Cotton futures settled marginally softer Thursday on speculative sales after an early short-covering spree petered out, and brokers said the market may hold in a band until release of a government crop report next week.
The ICE Futures open-outcry December cotton contract shed 0.16 cent to finish at 60.42 cents per lb, moving from 59.99 to 61.25 cents. March cotton fell 0.20 cent to 63.51 cents. The rest declined from 0.19 to 0.45 cent.
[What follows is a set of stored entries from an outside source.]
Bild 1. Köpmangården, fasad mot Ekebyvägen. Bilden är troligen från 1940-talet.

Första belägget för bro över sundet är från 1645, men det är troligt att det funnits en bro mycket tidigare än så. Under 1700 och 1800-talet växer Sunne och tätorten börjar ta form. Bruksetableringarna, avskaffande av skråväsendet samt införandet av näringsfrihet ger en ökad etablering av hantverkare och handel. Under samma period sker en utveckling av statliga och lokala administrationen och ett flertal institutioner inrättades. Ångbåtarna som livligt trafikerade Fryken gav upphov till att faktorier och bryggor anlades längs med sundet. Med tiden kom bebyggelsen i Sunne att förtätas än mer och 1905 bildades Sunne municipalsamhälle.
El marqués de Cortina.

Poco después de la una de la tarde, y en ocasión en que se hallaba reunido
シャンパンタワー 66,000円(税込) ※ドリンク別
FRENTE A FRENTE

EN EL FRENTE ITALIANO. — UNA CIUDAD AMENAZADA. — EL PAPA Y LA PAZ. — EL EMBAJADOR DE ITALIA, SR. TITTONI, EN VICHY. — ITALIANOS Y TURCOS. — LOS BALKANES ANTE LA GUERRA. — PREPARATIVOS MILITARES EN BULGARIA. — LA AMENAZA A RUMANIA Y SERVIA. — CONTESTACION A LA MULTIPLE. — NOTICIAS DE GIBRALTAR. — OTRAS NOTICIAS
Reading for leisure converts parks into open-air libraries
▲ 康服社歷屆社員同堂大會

ICE Futures electronic cotton market showed the December cotton contract down 0.12 cent to 60.46 cents at 2:30 pm EDT (1830 GMT). Mike Stevens, an analyst for brokers SFS Futures in Mandeville, Louisiana, said the initial sentiment amongst fibre contract players was that the December contract may need to probe the recent lows around 59.30 to 59.40 cents.
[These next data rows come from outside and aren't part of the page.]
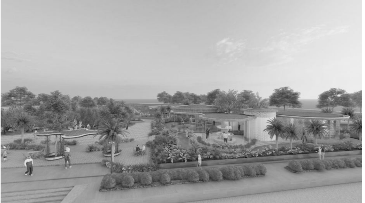
Khu trưng bày (hướng nhìn từ biển vào khu vực công viên)

- Khu trưng bày binh khí, quần áo các môn phái, Sa bàn tổng quan của toàn bộ công viên; khu vực thay đồ, khu vệ sinh. Khu trưng bày cũng là nơi giới thiệu các sản phẩm làm quà lưu niệm như: tượng, phù điêu các thế võ. Bán Áo quần các môn phái võ, bán các loại thuốc Võ gia truyền của các môn phái và đặc biệt: Cho Thuê Đồ Võ, Binh khí để chụp ảnh checkin và in hình ảnh chứng nhận đã đến Công Viên Võ Bình Định.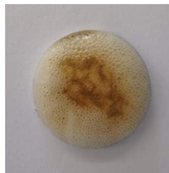
3. Reacción positiva al aplicar BioFinder sobre una superficie contaminada con biofilms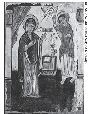
Особливе місце в музеї належить творам волинського іконопису

Нині тут працює небагуджий колектив, який сам творить новітню історію краю. Приміром, на «Музейні гостині», що вже відзначили чверть століття, до Рівного приїздили народні майстри з усієї України. А на початку жовтня в межах міжнародної конференції тут говоритимуть про інноваційні технології в музейній, архівній та бібліотечній справах її учасники з України та Польщі. Адже для сусідів-поляків інтерактивні музеї вже не новина, втім, облаштовують їх зазвичай за грантові кошти ЄС.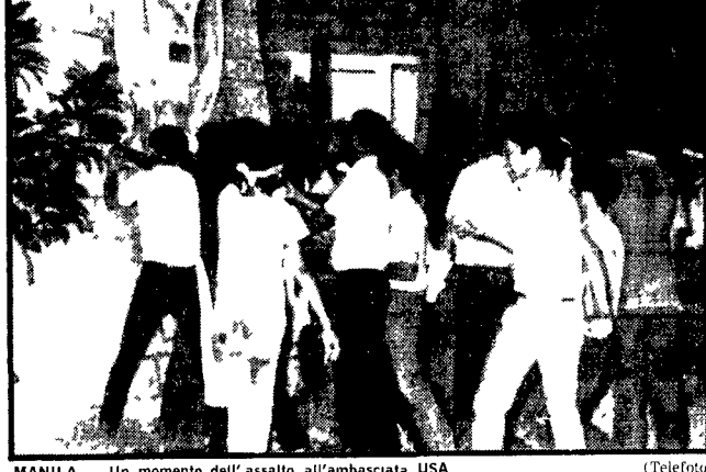
MANILA - Un momento dell'assalto all'ambasciata USA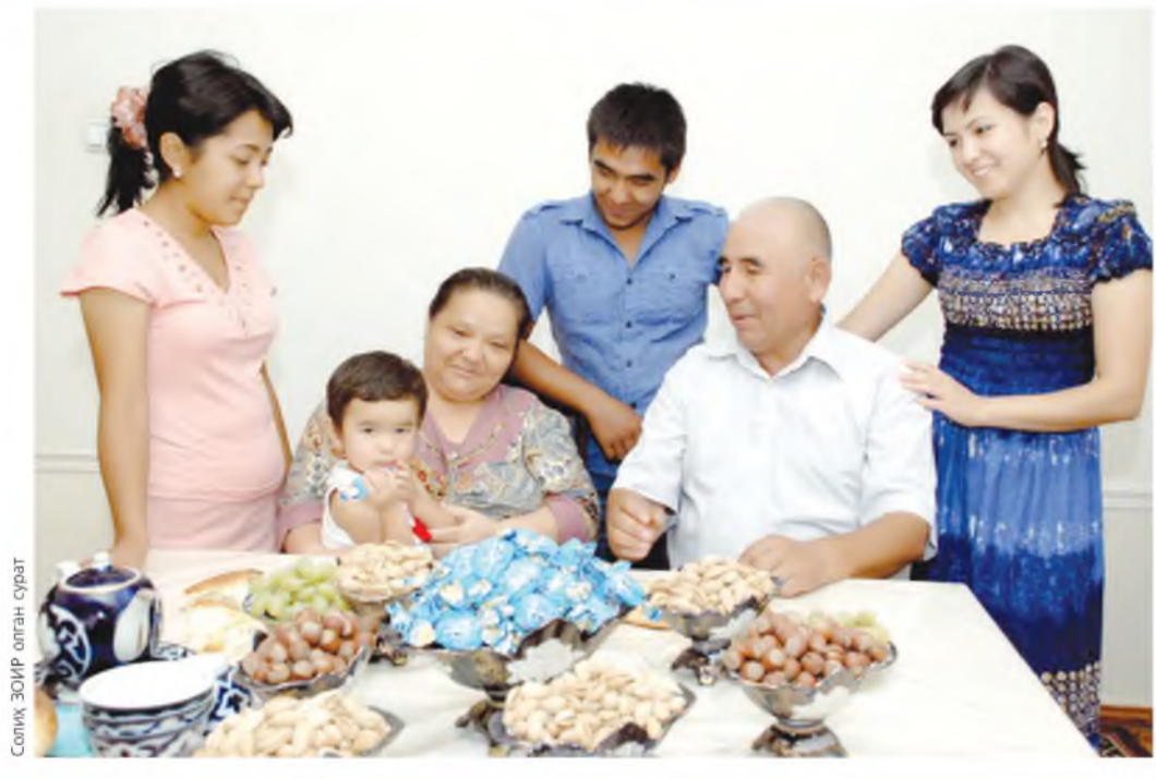
Солдан ўнггача: ота-она билан болалар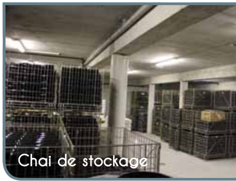
Chai de stockage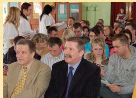
Zespół Szkół Mechanicznych w Radziejowie, 31 marca 2009 r.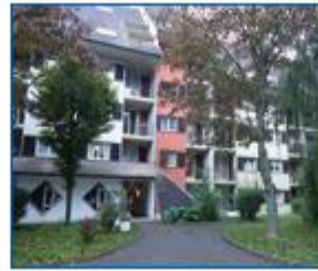
Résidence Léon Burckel

Capacité d'accueil 96 résidents Dont 4 places en HT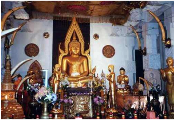
Temple de la dent à Kandy

L'architecture sri lankaise a créé son propre style, relativement inchangé au cours des siècles : le dagoba , monument bouddhique composé d'un hémisphère plein contenant des reliques de Bouddha, en est le plus remarquable élément.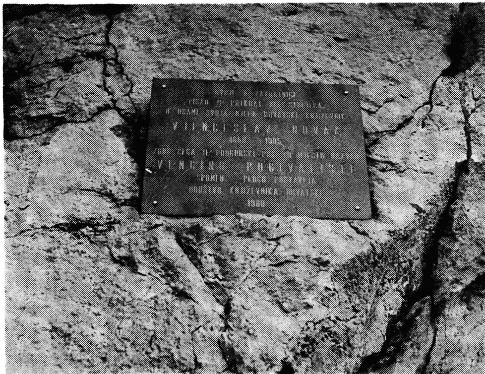
Sl. 180 — Književniku Vjenceslavu Novaku u zaljevu Zavratinica kod Jablanca, na mjestu »Vencino počivalište« postavljena je 1980. spomen-ploča

OVDJE U ZAVRATNICI PISAO JE POTKRAJ XIX STOLJEĆA U OSAMI DJELA HRVATSKI KNJIŽEVNIK VJENCESLAV NOVAK 1859 — 1905. ZBOG ČEGA JE PODGORSKI PUK TO MJESTO NAZVAO » VENCINO POČIVALIŠTE « SPOMEN PLOČU POSTAVLJA DRUŠTVO KNJIŽEVNIKA HRVATSKE 1980.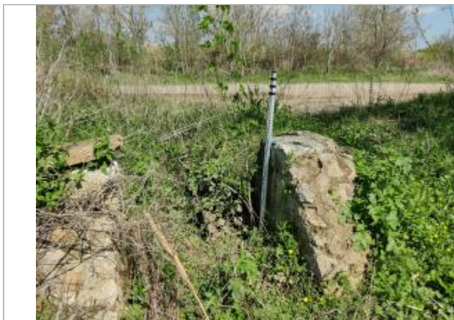
Ancien ouvrage de régulation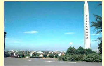
▲大門旁的中大在台復校紀念碑·象徵中大的崛起與茁壯。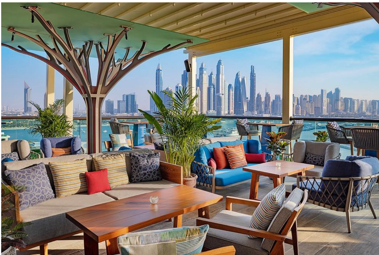
開閉式の屋根とテラスバーを備えたレストラン

But put buying in the options ring forced speculators to cover in the futures pit to jack up values in the market, dealers said. "That was the main source of excitement for us. After that, we just treaded water for the rest of the day," one said, with fibre contracts winding up within a few points of unchanged. Stevens believes technical considerations meant the "path that needs to be explored" remains the downside and he feels cotton contracts would take that road in the days ahead.
The market would also wait for leads from the US Agriculture Department's monthly supply/demand report due out next week and take a look at the USDA's weekly export sales report tomorrow. Cotton brokers said they expect total US cotton sales to range from 200,000 to 350,000 running bales (RBs, 500-lbs each) and against last week's sales of 488,300 RBs.
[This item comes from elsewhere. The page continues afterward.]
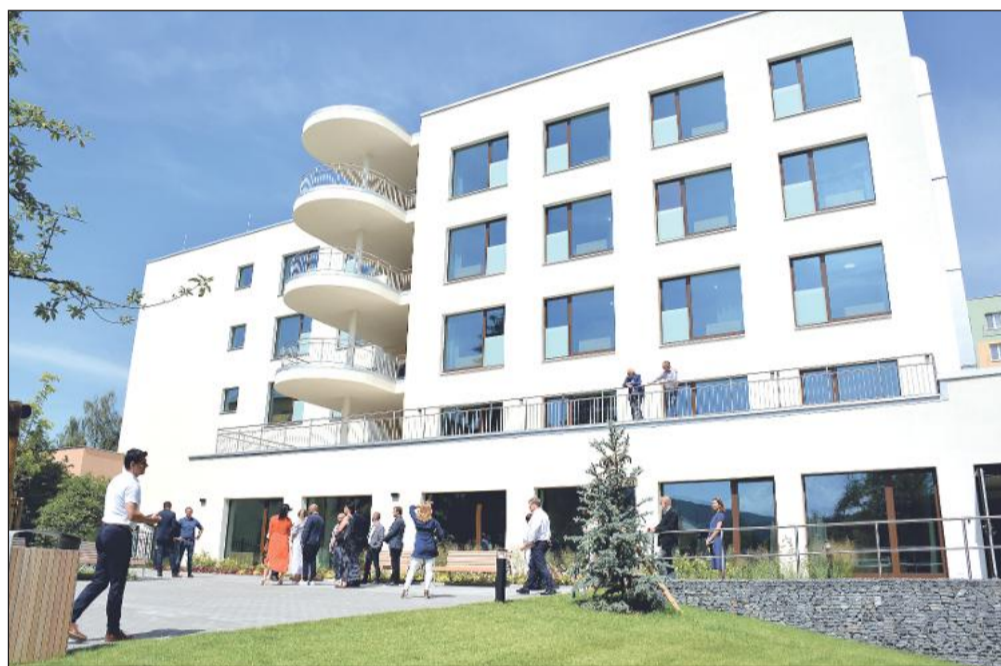
Součástí jednání zastupitelstva bude i rozhodování o dotacích v sociální oblasti. Největším příjemcem by měl být zdejší domov pro seniory.

Rada města rozhodovala o dalších žádostech organizací působících v sociálních službách. „Mezi 17 žadatelů jsme rozdělili celkem 849 445 korun, například Renarkon, o. p. s., spolek Andělé Stromu života či Domov Příbor. Na závěr bych chtěl moc poděkovat všem pracovníkům v této oblasti. Tato náročná práce, u někoho posláni, není často řádně finančně ohodnocena, a proto ještě jednou velké děkuji,“ okomentoval Stanislav Šimíček.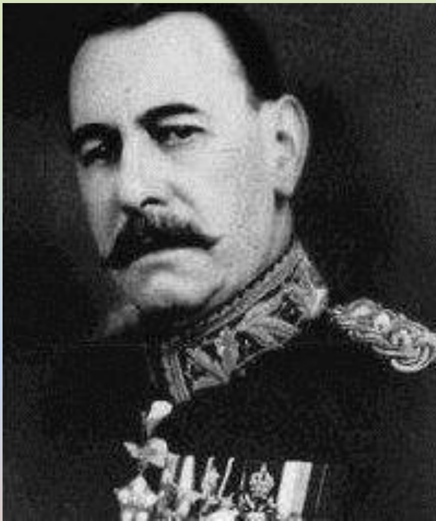
José Félix Uriburu

6 de septiembre de 1930 lo lideró el General José Félix Uriburu y Agustín P. Justo, con el objetivo de derrocar al presidente Hipólito Yrigoyen de la Unión Cívica Radical , quién en ese momento estaba en el segundo año de su segunda presidencia.

Open-outcry volume in the cotton market on Wednesday was at 4,984 lots and screen trade was at 13,460 lots. Open interest in the cotton market was at 205,996 lots as of September 5, up 990 lots from the previous session. Brokers Flanagan Trading Corp put resistance in the December open-outcry cotton contract at 60.50 and 61.30 cents, with support at 59.80 and 59.20 cents.